Mereka sudah melihat beberapa korban dari pemakaian kompresor. Rekan mereka, kata Syam, beberapa bulan lalu terancam lumpuh, bersyukur membaik setelah terapi.

Dia bilang, dalam sehari mereka biasa dalam laut selama tiga jam, kemudian naik lagi. Selama dalam laut bernapas pakai kompresor. Kalau sudah tiga jam, naik istrahat satu jam dan turun lagi.

 

Irfat Muhammad membersihkan ikan karang dagangannya. Ikan-ikan ini hasil tangkap ikan suaminya, dengan memanah. Foto: Mahmud Ichi/ Mongabay Indonesia

 

Satu kompresor, katanya, dijaga dua orang. Satu jaga mesin dan satu lagi menjaga selang yang mengalirkan udara ke penyelam. Mereka menyelam sore hingga tengah malam bahkan jelang pagi.

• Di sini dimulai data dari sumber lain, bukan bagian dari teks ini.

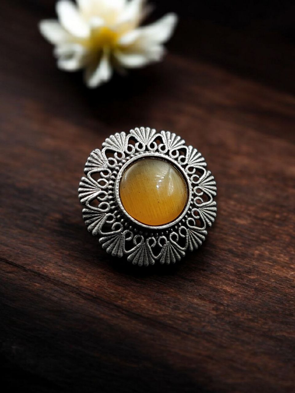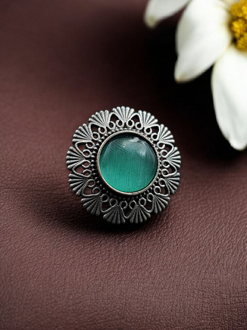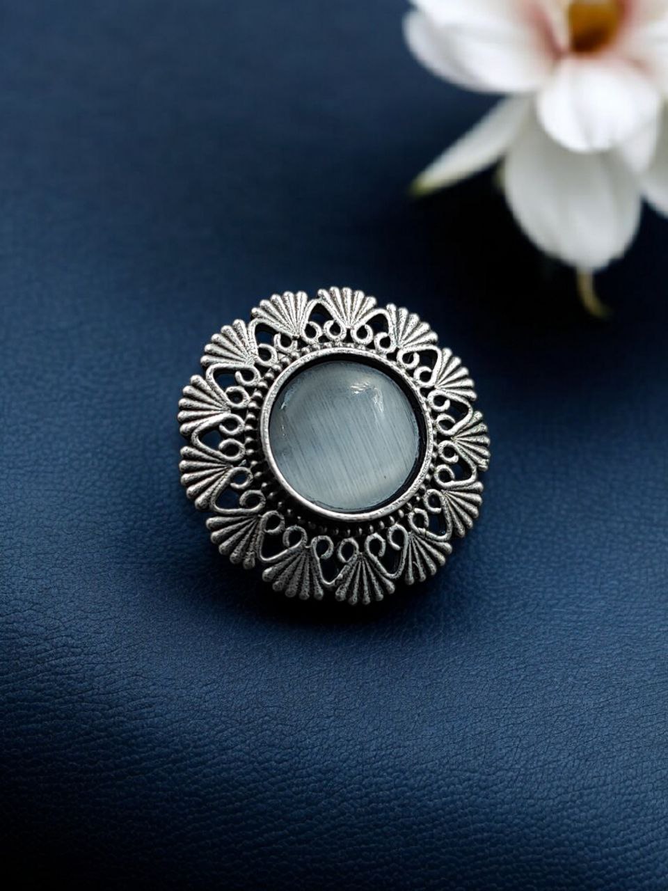 Crafted with a premium silver replica finish, this ring gives you the luxurious look of real silver while remaining lightweight and comfortable for daily wear. The detailed floral art design enhances its antique appeal, making it a perfect accessory for both traditional and contemporary outfits. Whether you are dressing up for a festive celebration, wedding function, office event, or casual outing, this ring effortlessly complements sarees, suits, kurtis, gowns, and even Indo-western styles.

“Di malam hari, ikan mudah kena panah. Ikan bahkan menuju cahaya senter penyelam,” katanya, seraya bilang, pernah mengurus izin tangkap ikan dengan memanah tetapi tak pernah dikeluarkan Dinas Kelautan dan Perikanan.

Karena sadar bahaya tangkap ikan dengan kompresor, Sofyan maupun Syam rajin memeriksakan diri ke dokter guna mengecek kondisi mereka termasuk dengan terapi.

Sofyan sendiri, sudah 12 tahun menyelam menggunakan kompresor. Dia bersyukur tak mendapatkan penyakit berarti. “Tiap bulan kontrol kondisi paru-paru ke dokter,” katanya.

Dia membandingkan dengan di Manado, Sulawesi Utara, mereka lebih mudah kontrol kesehatan karena ada fasilitasnya. Dia juga memiliki kartu kontrol kesehatan.

Buyung Radjiloen, Kepala Dinas Kelautan dan Perikanan (DKP) Malut membenarkan, penggunaan alat tangkap memanah (spare gun ) tidak ada larangan tetapi ada pembatasan penggunaan armada atau kapalnya.

“Kita batasi hanya armada di bawah tiga GT. Kalau di atas tiga GT   ada larangan,” katanya.

Khusus Kawasan Konservasi Perairan (KKP) Mare dan sekitar, pada zona tertentu akan ada pelarangan. “Kita [akan] buat regulasi melalui peraturan gubernur.”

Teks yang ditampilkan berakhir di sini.